▸ Task statement
Set down, word for word, the line with "FOMC squeezes SPY" and the lines after it through the final line of the data below, without pictures.

****************

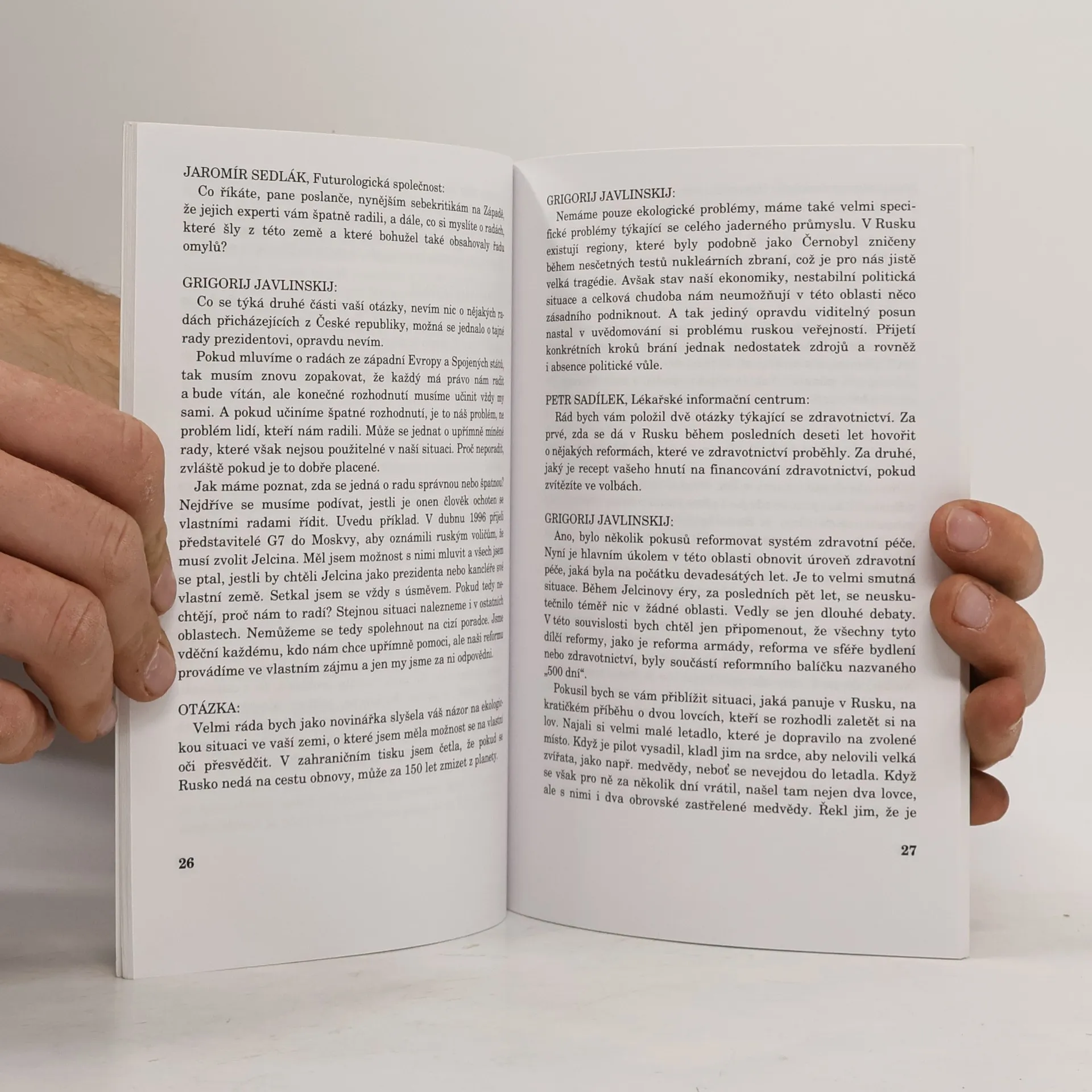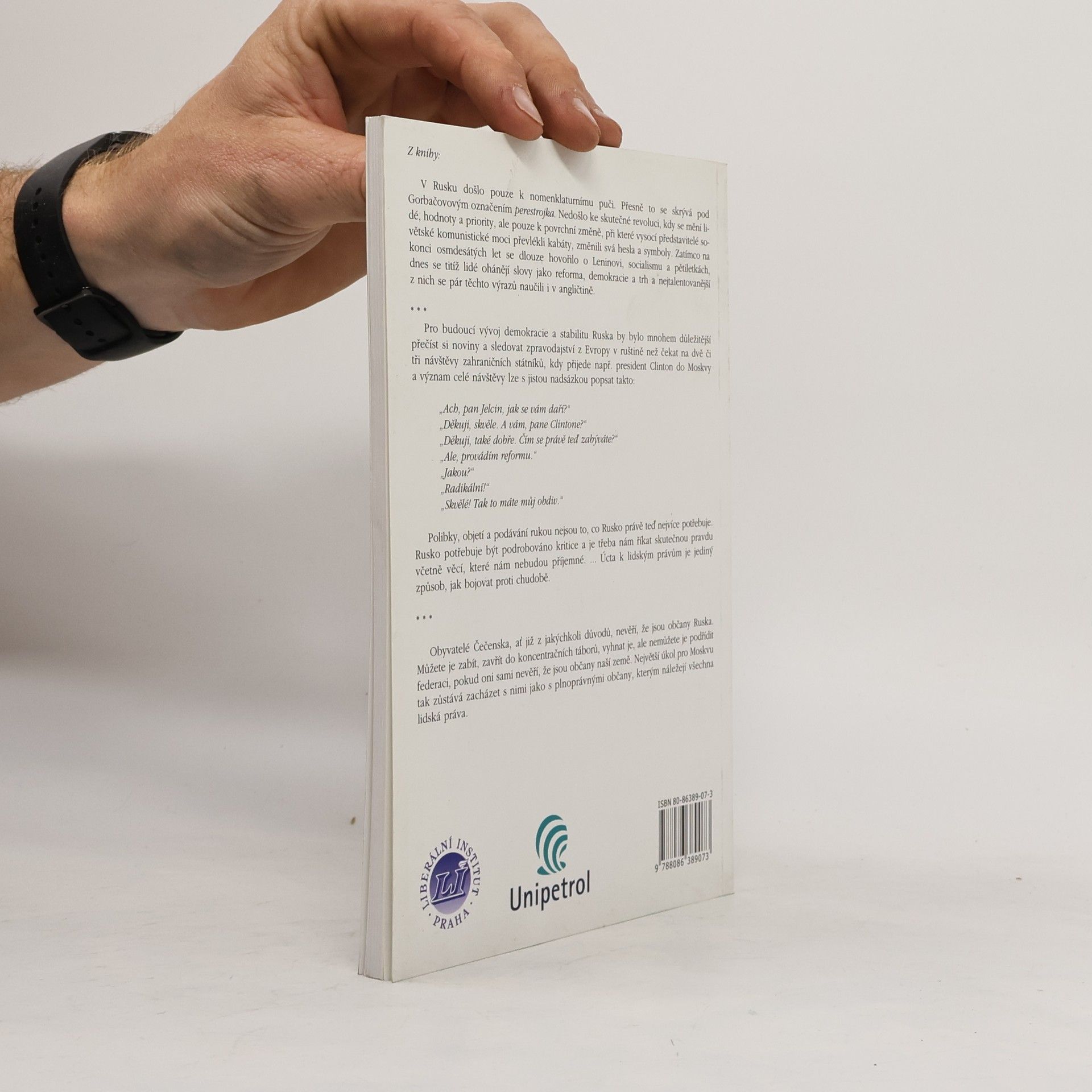 Kniha obsahuje přednášku G.J., ve které najdeme kromě názoru na úlohu soukromého vlastnictví při ekonomické transformaci, také jeho pohled na válku v Čečensku schovat popis
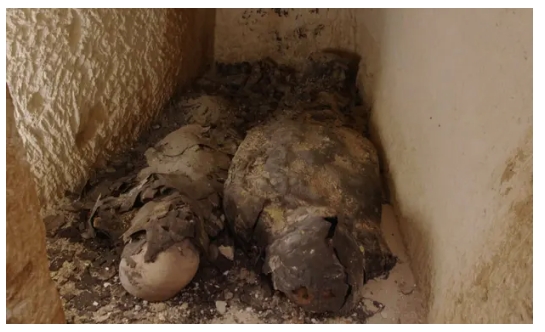 엑스레이 판독 결과 미라 두 구는 남성과 여성으로 나타났다. 그들은 파라오의 권력을 유지하는 데 핵심적인 역할을 한 사제였다는 주장이다. 미라 한 구는 재탄생을 상징하며 금박으로 그려진 스카랩의 이미지를 가지고 있다.
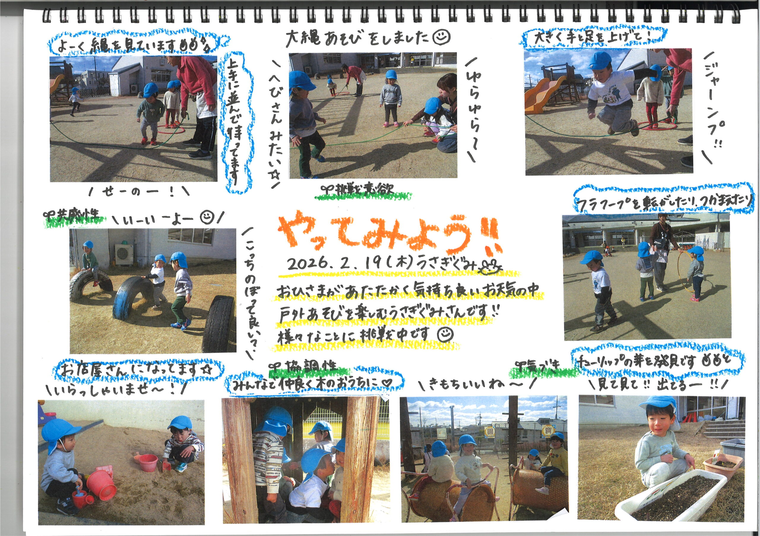 2月19日(木) 今日の様子 公開日: 2026年2月19日更新日: 2026年2月19日著者: kabutodaiカテゴリー: 兜台保育園園ブログ ひよこ・りす組 うさぎ組 きりん組 ぞう組 らいおん組 関連記事 11月16日(木)今日の様子 ひよこぐみ りすぐみ うさぎぐみ きりんぐみ ぞうぐみ らいおんぐみ 公開日: 2023年11月17日更新日: 2023年11月17日著者: kabutodaiカテゴリー: 兜台保育園園ブログ 08 10月8日(金)今日の様子 ひよこぐみ りすぐみ うさぎぐみ きりんぐみ ぞうぐみ らいおんぐみ 公開日: 2021年10月8日更新日: 2021年10月8日著者: kabutodaiカテゴリー: 兜台保育園園ブログ 3月23日(木)今日の様子 ひよこぐみ りすぐみ うさぎぐみ きりんぐみ ぞうぐみ らいおんぐみ 公開日: 2023年3月24日更新日: 2023年3月24日著者: kabutodaiカテゴリー: 兜台保育園園ブログ
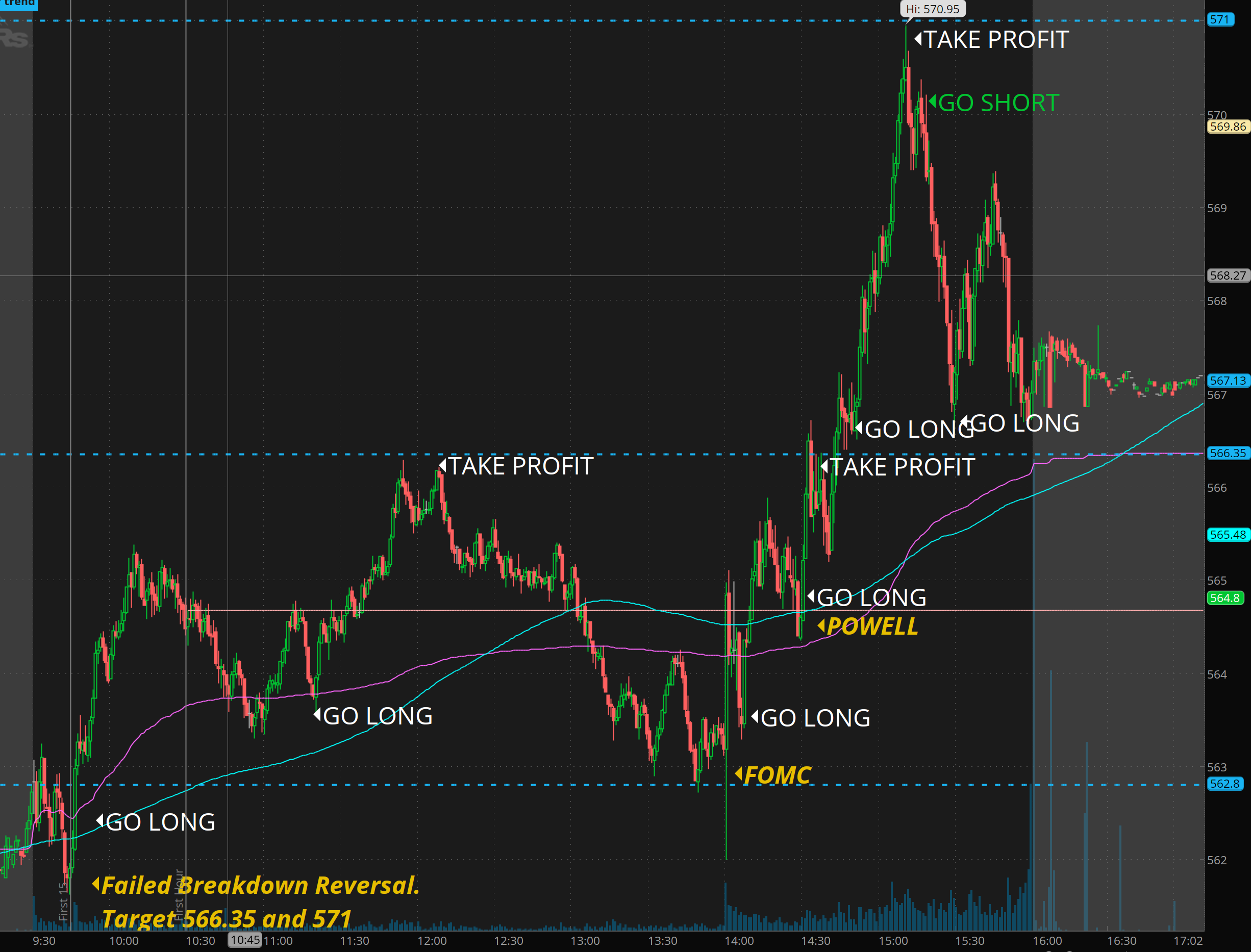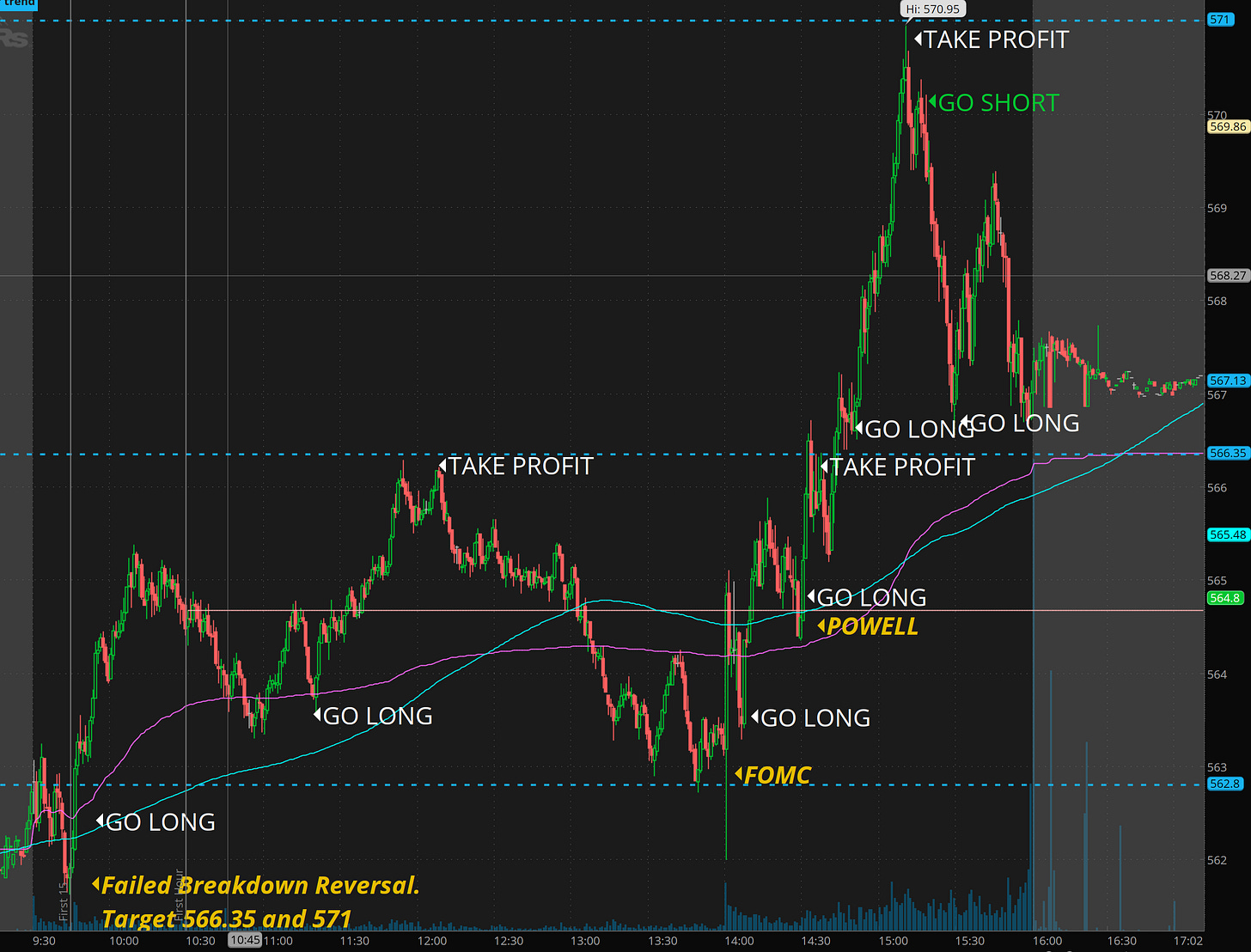 FOMC squeezes SPY back to 570 but it could not keep it. Trade Ideas for Thu Mar 20
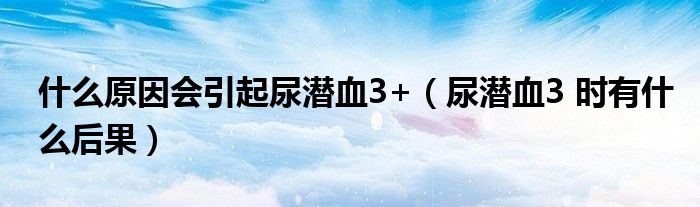摘要 大家好,小新来为大家解答以上的问题。什么原因会引起尿潜血3+,尿潜血3 时有什么后果很多人还不知道,现在让我们一起来看看吧!1、尿潜血
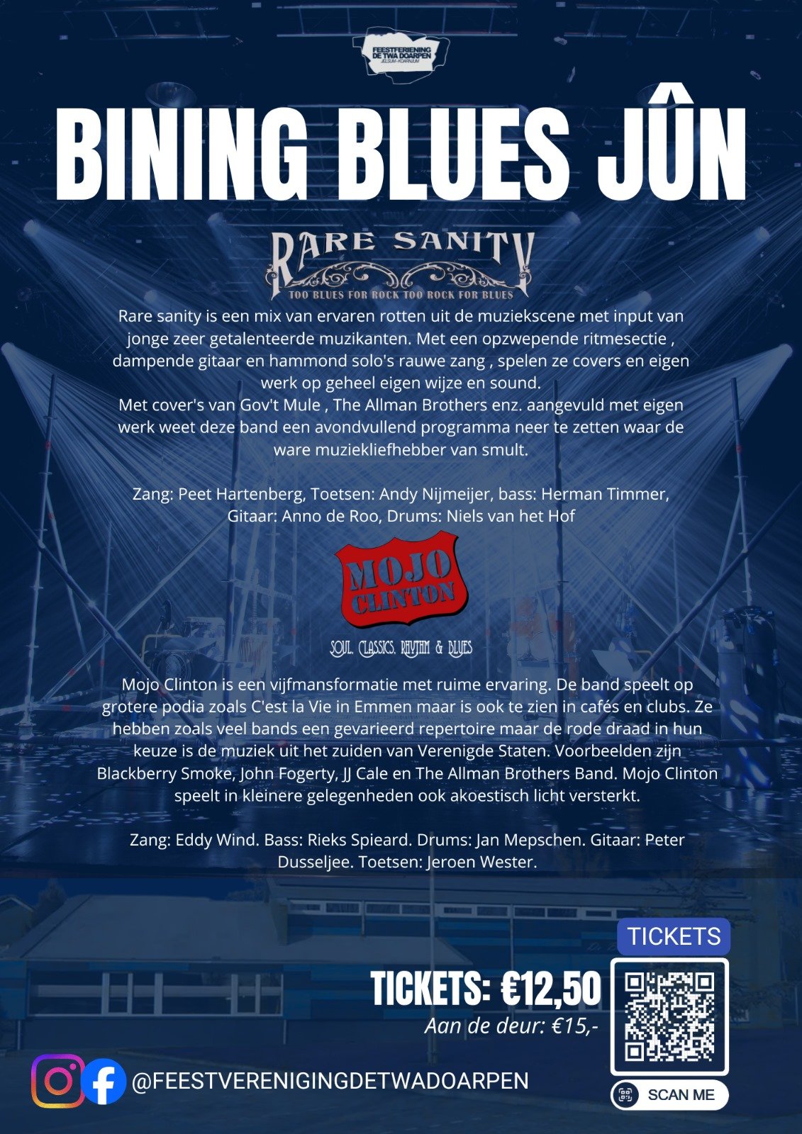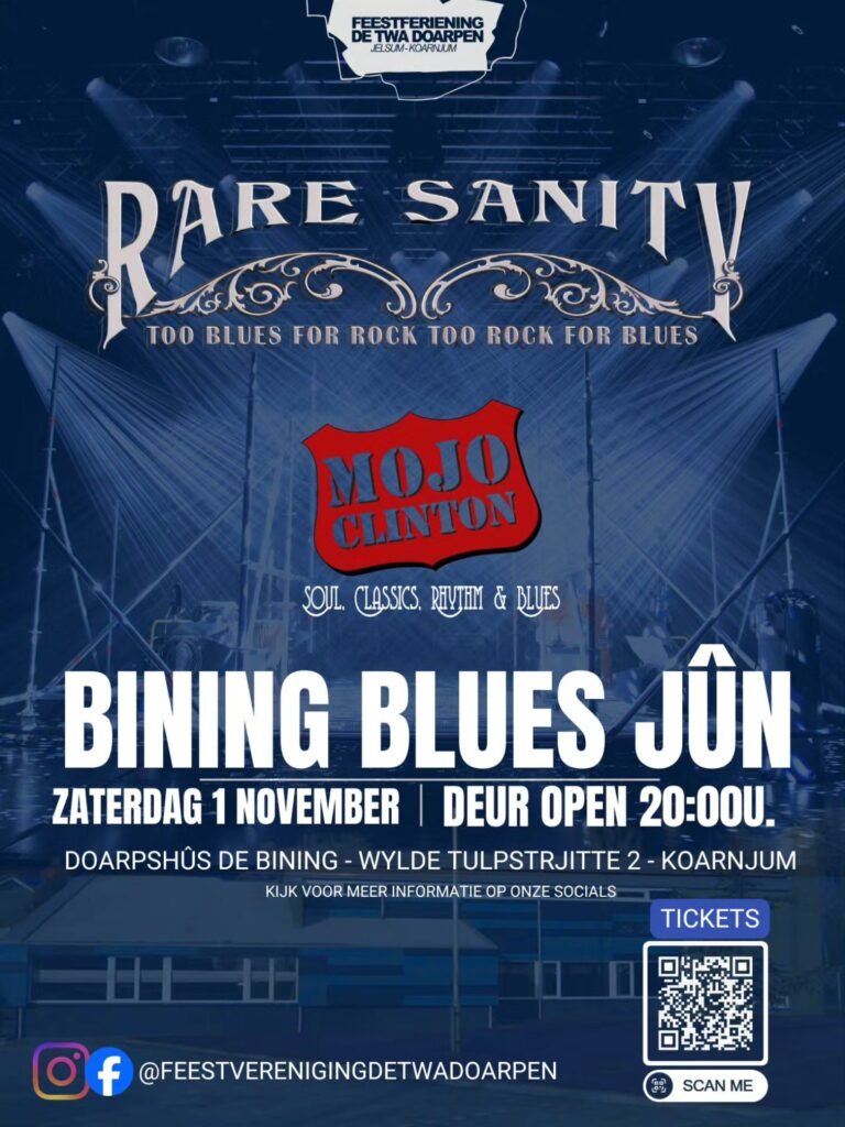 Op zaterdag 1 november organiseren Doarpshûs De Bining in samenwerking met de Feestvereniging de 5e editie van de Blues Jûn. Dit jaar komen onze vrienden van Rare Sanity en Mojo Clinton naar Koarnjum om jullie wederom een fantastische bluesavond te bezorgen.

****************

▸ Response area
 FOMC squeezes SPY back to 570 but it could not keep it. Trade Ideas for Thu Mar 20
摘要 大家好,小新来为大家解答以上的问题。什么原因会引起尿潜血3+,尿潜血3 时有什么后果很多人还不知道,现在让我们一起来看看吧!1、尿潜血
 Op zaterdag 1 november organiseren Doarpshûs De Bining in samenwerking met de Feestvereniging de 5e editie van de Blues Jûn. Dit jaar komen onze vrienden van Rare Sanity en Mojo Clinton naar Koarnjum om jullie wederom een fantastische bluesavond te bezorgen.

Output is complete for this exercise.